- Opening Delimiter -

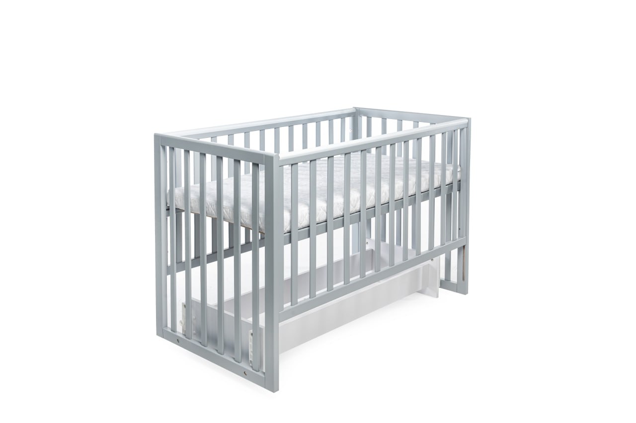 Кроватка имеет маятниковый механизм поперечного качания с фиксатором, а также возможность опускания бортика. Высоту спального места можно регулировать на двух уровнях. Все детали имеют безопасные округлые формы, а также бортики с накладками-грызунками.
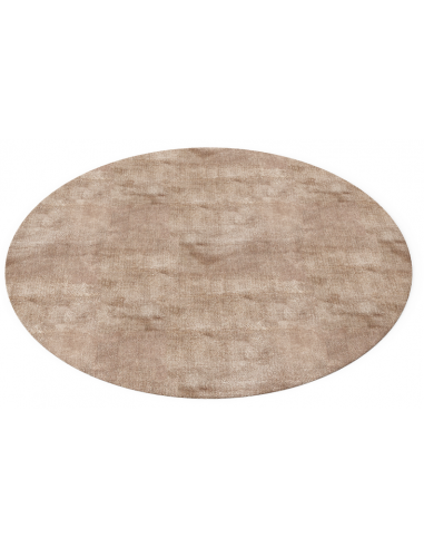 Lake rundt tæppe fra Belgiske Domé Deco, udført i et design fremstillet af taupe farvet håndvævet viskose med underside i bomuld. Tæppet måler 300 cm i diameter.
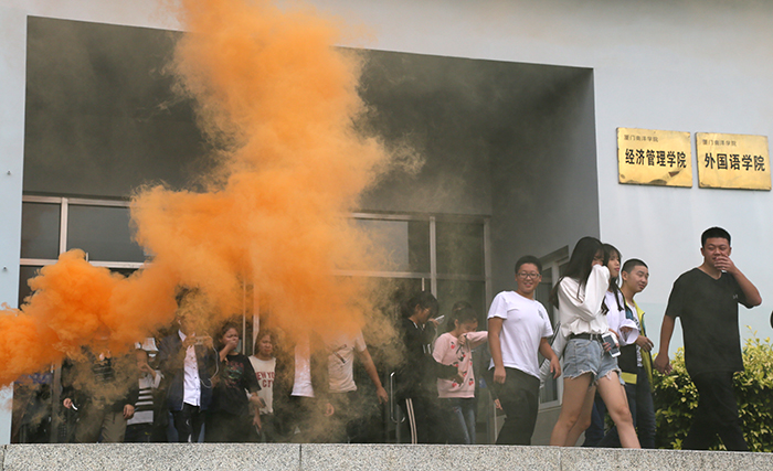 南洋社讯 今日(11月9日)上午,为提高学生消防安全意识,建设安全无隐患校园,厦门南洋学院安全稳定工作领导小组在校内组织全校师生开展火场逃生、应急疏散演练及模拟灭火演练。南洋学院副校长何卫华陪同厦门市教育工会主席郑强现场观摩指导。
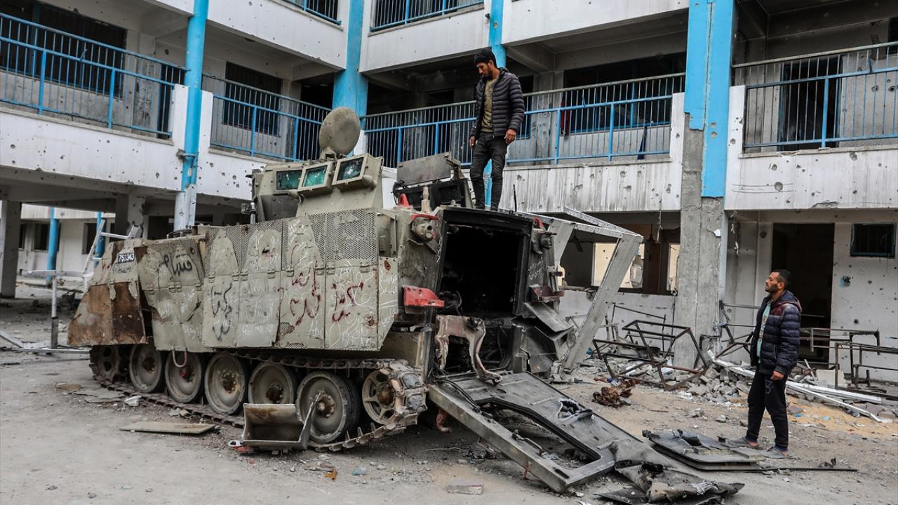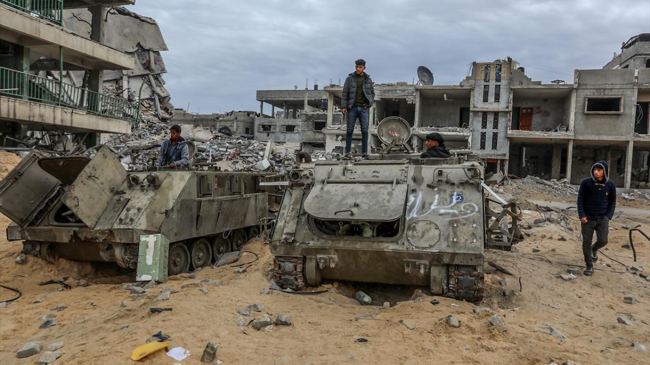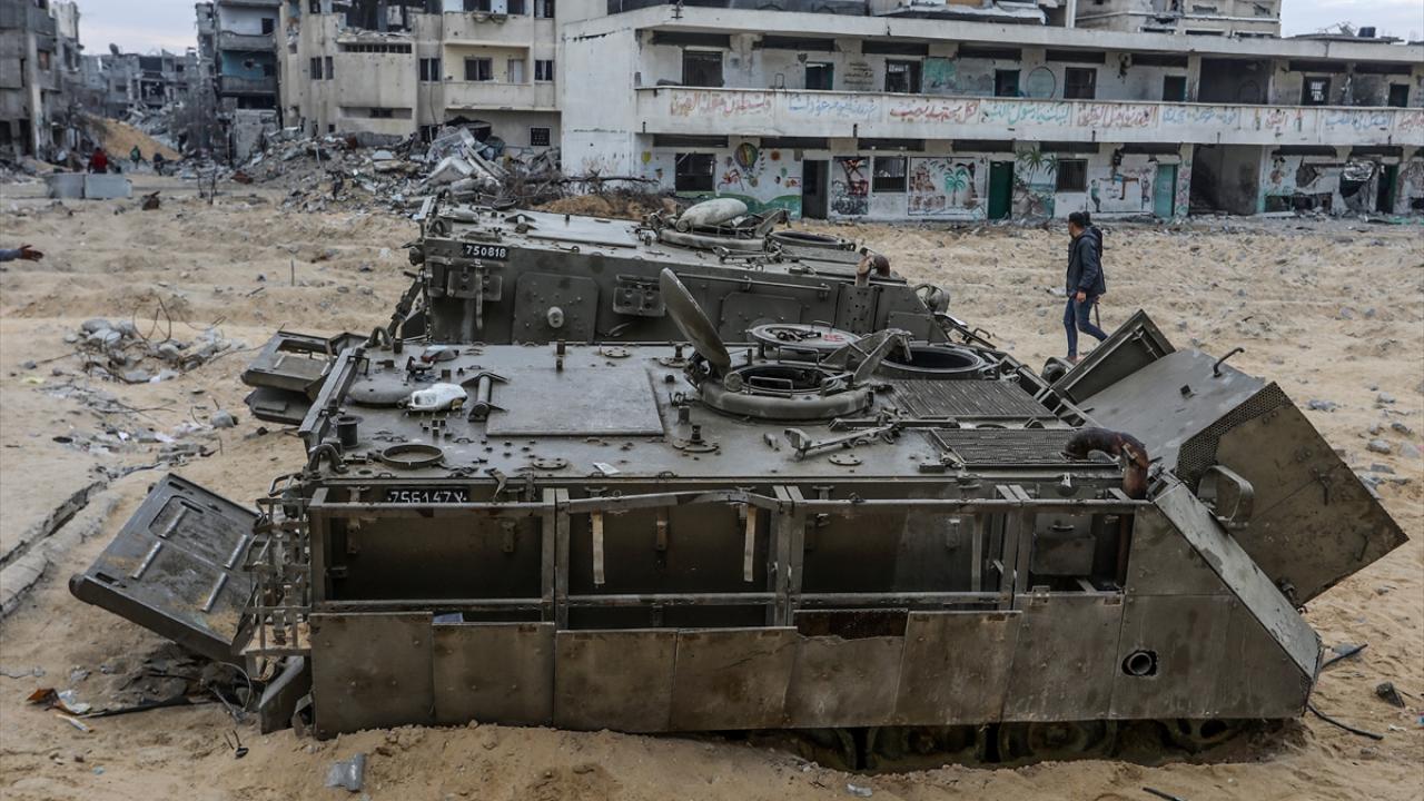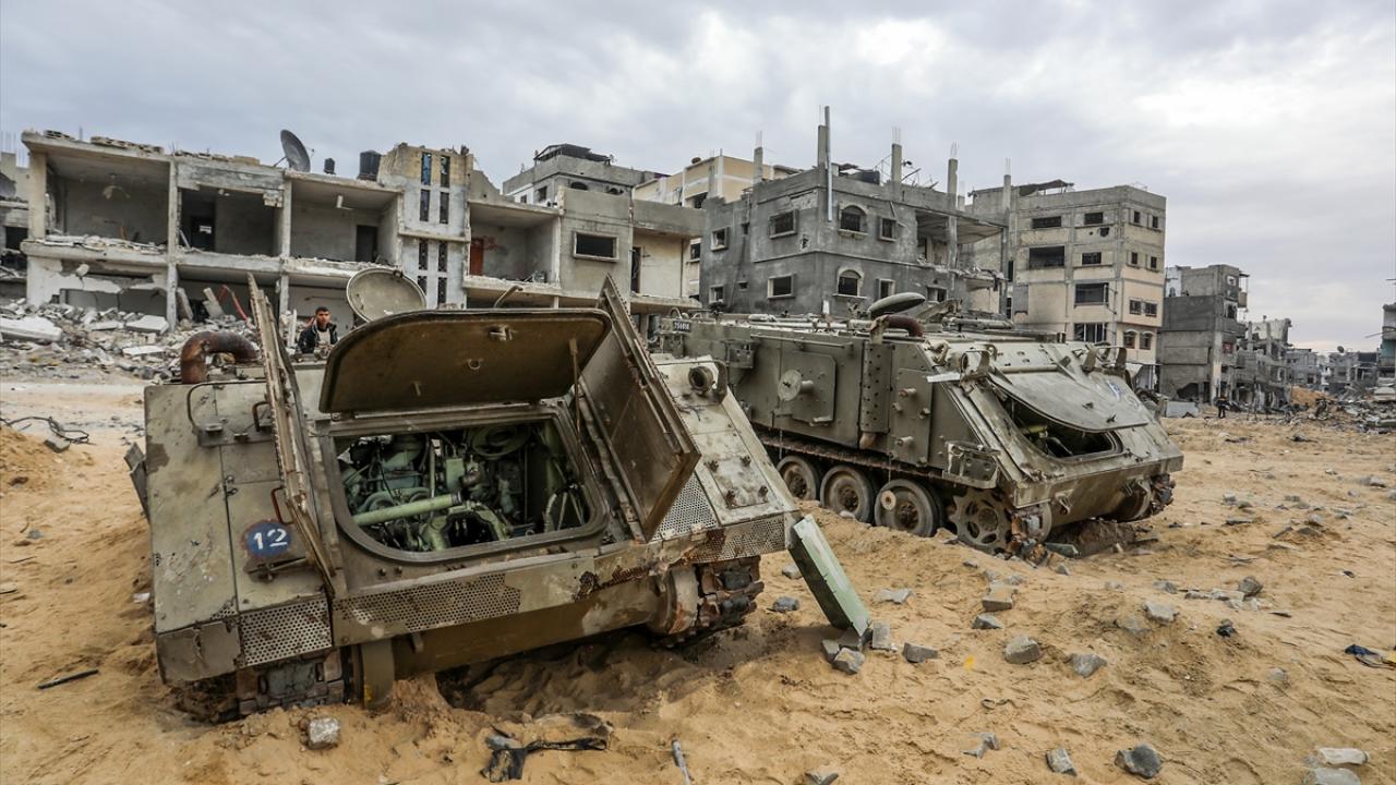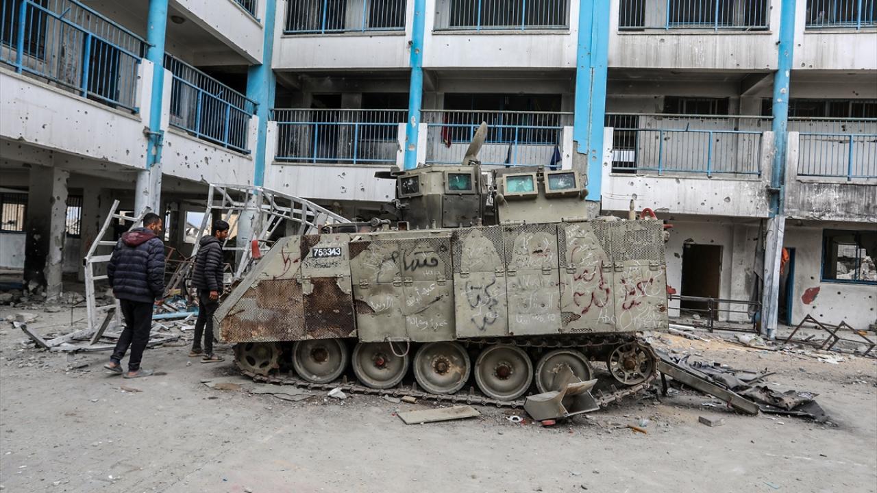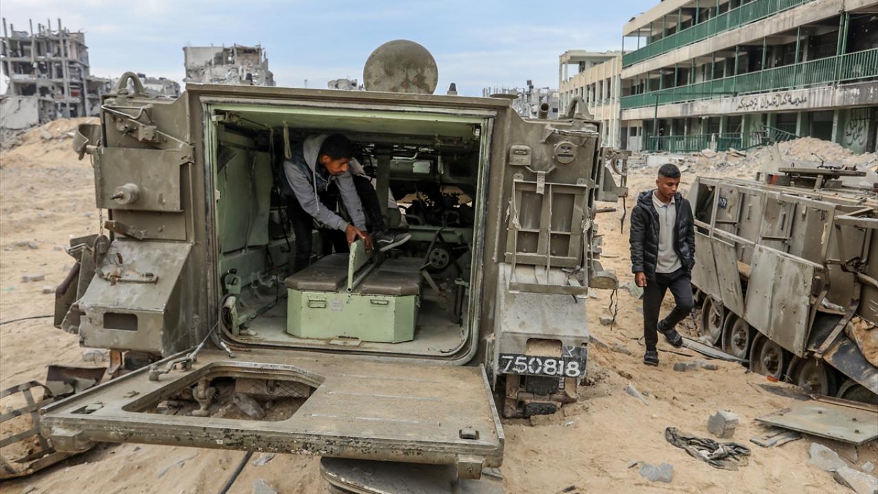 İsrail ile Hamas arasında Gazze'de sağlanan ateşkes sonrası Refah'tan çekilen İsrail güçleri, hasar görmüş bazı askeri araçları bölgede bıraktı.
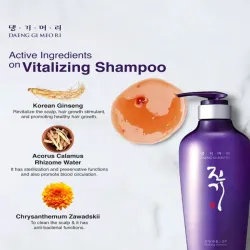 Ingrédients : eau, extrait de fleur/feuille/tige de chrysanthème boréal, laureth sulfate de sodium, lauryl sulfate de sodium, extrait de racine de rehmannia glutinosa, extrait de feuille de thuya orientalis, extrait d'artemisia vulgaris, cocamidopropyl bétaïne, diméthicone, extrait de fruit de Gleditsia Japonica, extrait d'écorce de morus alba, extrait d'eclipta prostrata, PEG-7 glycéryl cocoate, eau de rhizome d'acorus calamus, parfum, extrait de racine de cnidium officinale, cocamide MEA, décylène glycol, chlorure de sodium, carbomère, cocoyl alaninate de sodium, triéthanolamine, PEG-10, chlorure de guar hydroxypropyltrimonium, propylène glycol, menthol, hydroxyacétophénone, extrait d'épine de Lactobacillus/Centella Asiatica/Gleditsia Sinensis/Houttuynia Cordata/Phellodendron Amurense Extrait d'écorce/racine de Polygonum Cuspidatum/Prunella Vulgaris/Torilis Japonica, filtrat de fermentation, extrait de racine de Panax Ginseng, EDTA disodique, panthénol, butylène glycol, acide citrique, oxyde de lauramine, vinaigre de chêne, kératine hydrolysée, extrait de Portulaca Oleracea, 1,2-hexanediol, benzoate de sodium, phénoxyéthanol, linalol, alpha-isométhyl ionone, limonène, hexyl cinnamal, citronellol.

- Closing Delimiter -

*Problem requirements*: Stop at the line containing "南洋社讯 今日(11月9日)" and include it. Everything from the first line of the material up to there is to be repeated exactly, leaving out pictures.

*Task result*:
 Кроватка имеет маятниковый механизм поперечного качания с фиксатором, а также возможность опускания бортика. Высоту спального места можно регулировать на двух уровнях. Все детали имеют безопасные округлые формы, а также бортики с накладками-грызунками.
 Lake rundt tæppe fra Belgiske Domé Deco, udført i et design fremstillet af taupe farvet håndvævet viskose med underside i bomuld. Tæppet måler 300 cm i diameter.
 南洋社讯 今日(11月9日)上午,为提高学生消防安全意识,建设安全无隐患校园,厦门南洋学院安全稳定工作领导小组在校内组织全校师生开展火场逃生、应急疏散演练及模拟灭火演练。南洋学院副校长何卫华陪同厦门市教育工会主席郑强现场观摩指导。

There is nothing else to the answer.